Monday, December 03, 2012

The Great God Pan

There is nothing new under the sun, yet a truly excellent playwright can make a familiar story new and vivid and surprising and heartbreaking. And Amy Herzog is a truly excellent playwright, as shown by her new and vivid and surprising and heartbreaking play, The Great God Pan. Focusing on such well-worn themes/topics as childhood abuse, the fragility of relationships, whether to have children, and the power of denial, Herzog compassionately depicts the  cost of being human and how a seemingly happy life may turn out to be built on shaky foundations. She also shows how easily we can all misunderstand one another. And how being honest is not an easy goal. And she does this all amazingly economically--it's a short play.
  
(Note: although I saw an early-ish preview, I am reviewing this now because I paid for my ticket and because I want to give you as much opportunity as possible to get tickets!)

Jamie's career as a writer is moving along.
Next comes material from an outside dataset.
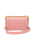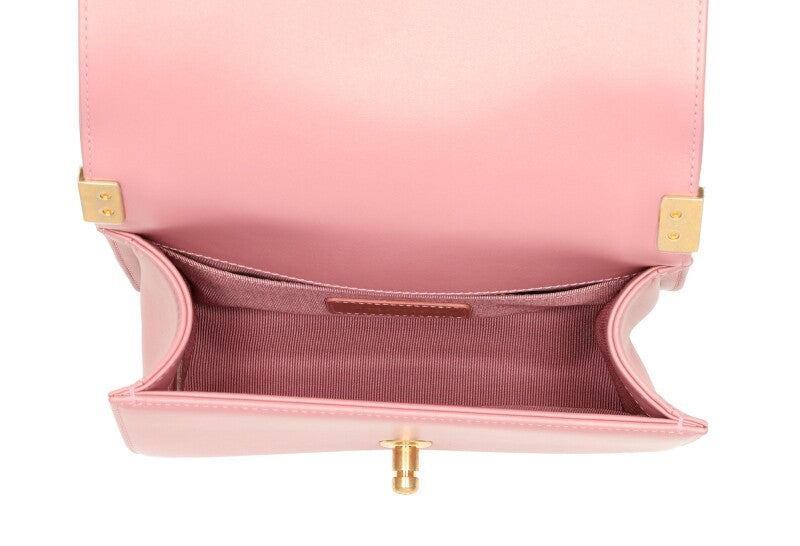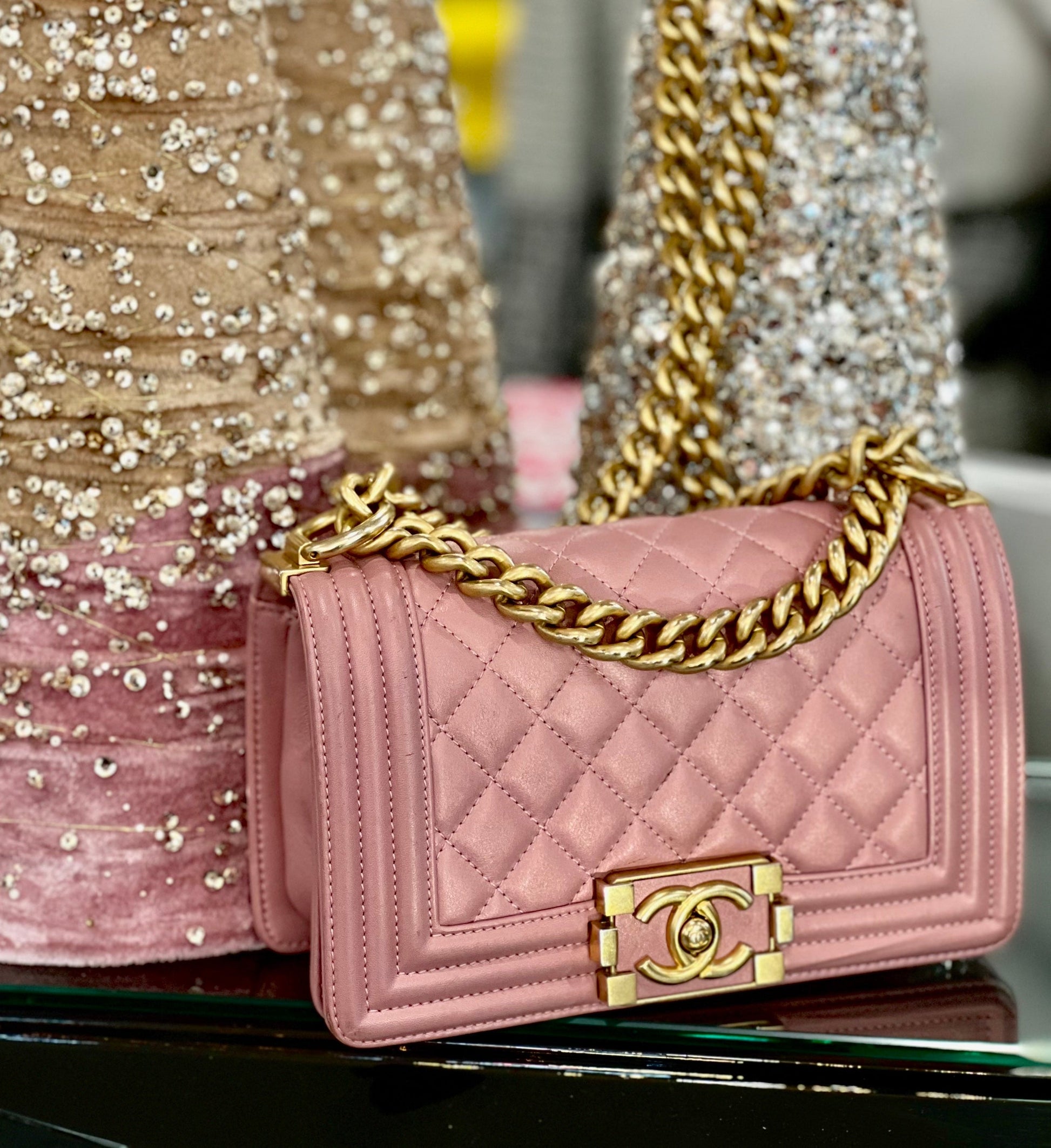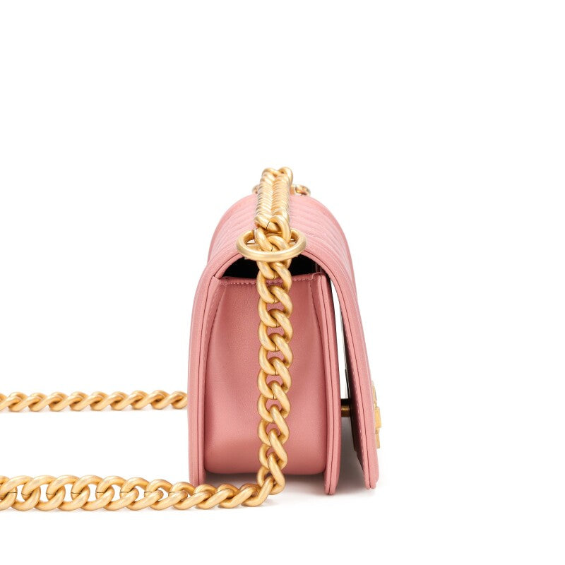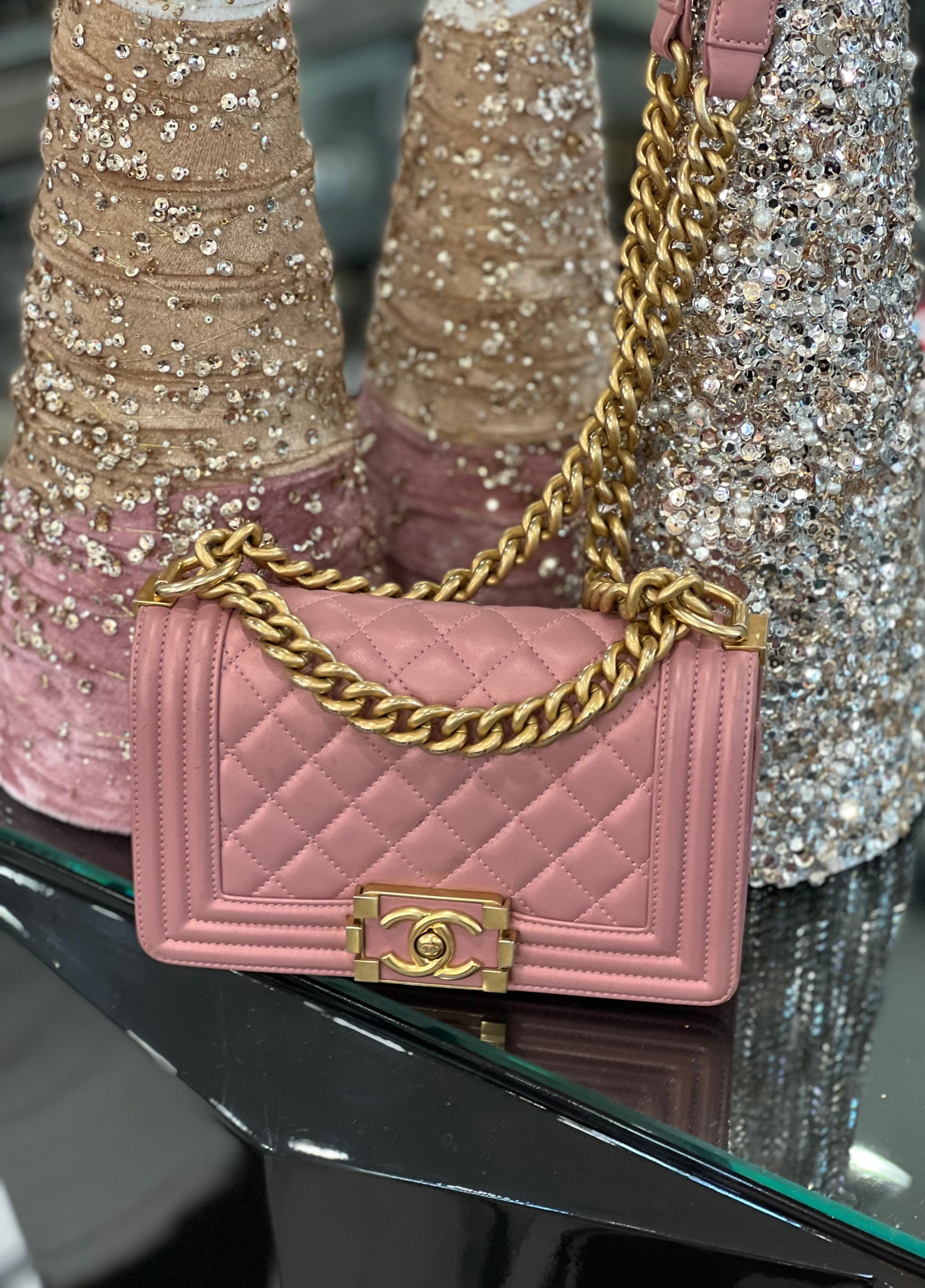 CHANEL QUILTED METALLIC PINK CALFSKIN SMALL BOY FLAP BAG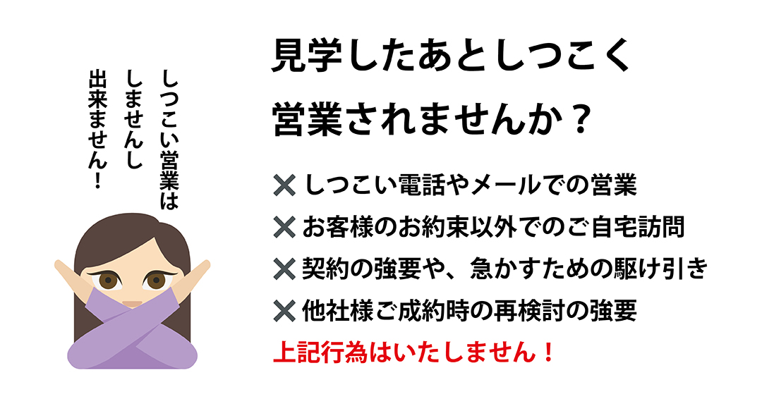 そのため、お約束した場合以外でお客様へ何度もお電話やメールで営業をしたり、ご自宅へ訪問したりすることはありません。

He has a wonderful girlfriend, Paige, and odd but loving parents. His life is not perfect, but it is good. And then his girlfriend gets pregnant, and he is faced with his ambivalence about the future.  Also, he has coffee with an old friend--and suddenly he has to reevaluate his entire life. Paige too has to deal with life-changing decisions and realizations, and must also face the limits of her ability to help people as a social worker.

The Great God Pan has seven characters, which is not a small cast in these financially tight days. The story could have been told with fewer people, but much would have been lost. The play has an airiness, an ability to breathe, that gives it more humanity than a tightly measured three-person play might have had. It's a sad and beautiful play, with no heroes or villains--just painfully human humans.

Herzog has been gifted with an excellent director, Carolyn Cantor, and a superb cast. In particular, Jeremy Strong depicts Jamie's unraveling subtlety yet vividly; you can almost see him age in the short time period of the play. The rest of the wonderful cast comprises Keith Nobbs, Sarah Goldberg, Becky Ann Baker, Peter Friedman, Erin Wilmhelmi, and Joyce Van Patten.

As I write this, it has been announced that Herzog won the New York Times Outstanding Playwright Award for her play, After the Revolution. I wish I could go back in time and see it.